K for Kaggle
What is Machine Learning?
Machine learning is a method that is focused on the development of computer programs that can access data and learn from it automatically, without human assistance or intervention. The entire machine learning concept is based on the assumption that we should give machines access to information and let them learn from it.
Intro to Kaggle:
Kaggle is a crowd-sourced platform to attract, nurture, train, and challenge data scientists from all around the world to solve data science, machine learning, and predictive analytics problems. Kaggle is like an Airbnb for Data Scientists – this is where they spend their nights and weekends. It enables data scientists and even students to engage in running machine learning contests, write and share code, and to host datasets.
The types of data science problems posted on Kaggle can be anything from attempting to predict cancer occurrence by examining patient records to analyzing sentiment to evoke by movie reviews and how this affects audience reaction.
While some competitions on Kaggle are just for educational purposes and fun brain exercises, others are genuine issues that companies are trying to solve. Kaggle maintains a leaderboard for every competition it holds and at the end of the competition, the winner is announced.
Prerequisites:
Well. Enthu is not sufficient here.
Python:
A good resource to start from scratch would be Python 3 programming by the University of Michigan. Although, You can skip the 5th Course in this specialization. This course does not dive into Machine Learning implementations, so it will be useful in general.

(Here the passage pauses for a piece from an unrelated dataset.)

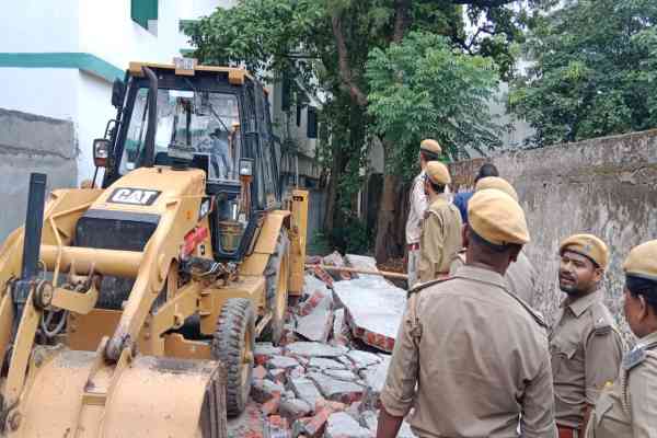 JAMSHEDPUR – The Forest Department conducted a demolition operation to remove a boundary wall constructed on encroached land near Mahatma Gandhi High School along the Chakradharpur-Chaibasa main road (NH 75 E).

Note: Python has a lot of packages and unlike basic level C, it is difficult to remember everything. So, don’t try to remember the syntax completely. With time, you will develop the memory for the important ones. So, don’t forget Google!
Machine Learning:
Majorly you need to have a basic idea of the various algorithms used for different Machine Learning problems. Although you would just need a line to implement the algorithm by calling it from a package, there would be no value to your implementation if you don’t know what’s going on. So, to satisfy these needs Machine Learning by Stanford University on Coursera shall be sufficient.
People generally complain about the above course using Matlab for Programming Assignments while Python has become handier for Machine Learning. So, click here to have a look at a GitHub repository for the assignments in Python.
Do note: This course does not have explanations for all the algorithms you will need for Machine Learning. Although it will make you mature enough to understand new algorithms. So, whenever you come across a new algorithm, remember there is something called Google.
Micro-Courses:
So, Kaggle has this set of micro-courses which help you get started faster. Note: it’s kind of a crash course so that you would start implementing as too many courses will make this journey boring. These micro-courses shall give you a feeling of satisfaction after achieving the skill to implement in competitions. Also, they give you certificates [for people who think they hold value]. So, I have created a list of all the necessary and sufficient micro-courses in order:
Python [If you skipped the Prerequisites section :)]
Pandas
Data Visualization
Intro to Machine Learning
Intermediate Machine Learning
Feature Engineering
Machine Learning Explainability [You can skip this]
If you want to go through a complete course, you can go through the first 3 courses of this Applied Data Science with Python specialization.
Competitions:
The ‘getting started’ category of Kaggle Competitions are really helpful for beginners and a great way to start the journey of the competitions on Kaggle and here are the two most important ones:
Titanic: Machine Learning from Disaster
The competition is simple: use machine learning to create a classification model that predicts which passengers survived the Titanic shipwreck.
This being one of your first Competitions, this Kaggle kernel which is one of the top solutions for this competition shall surely help you in creating a plan and developing the ability to think.
Housing Prices Competition
This is a perfect competition for data science students who have completed an online course in machine learning and are looking to expand their skill set.
Practice Skills
Creative feature engineering
Advanced regression techniques like random forest and gradient boosting
Helpful Tips:
Looking at a top-rated notebook for Kaggle competitions is a great way for beginners to get started in the data science field.
Blog Posts and Articles are really a great source for developing and improving your skills.
There is a good chance that you can find inspiration here: http://ndres.me/kaggle-past-solutions/
It is a great compilation of Kaggle competition winners’ solutions.
What Next:
Explore more advanced competitions on Kaggle. Also check out famous data science blogs like Analytics Vidhya, Towards Data Science.
Do check this Google Tech Dev Guide, it is a great compilation of necessary articles and a step by step guide for your journey.
Once you are confident in dealing with Basic Regression and Classification type problems, you can explore different avenues such as Time Series, Natural Language Processing, Computer Vision, and Reinforcement Learning.
DISCLAIMER
Shaastra TechShots’ publications contain information, opinions and data that Shaastra TechShots considers to be accurate based on the date of their creation and verified sources available at that time. It does not constitute either a personalized opinion or a general opinion of Shaastra or IIT Madras. The information provided comes from the best sources, however, Shaastra TechShots cannot be held responsible for any errors or omissions that may emerge.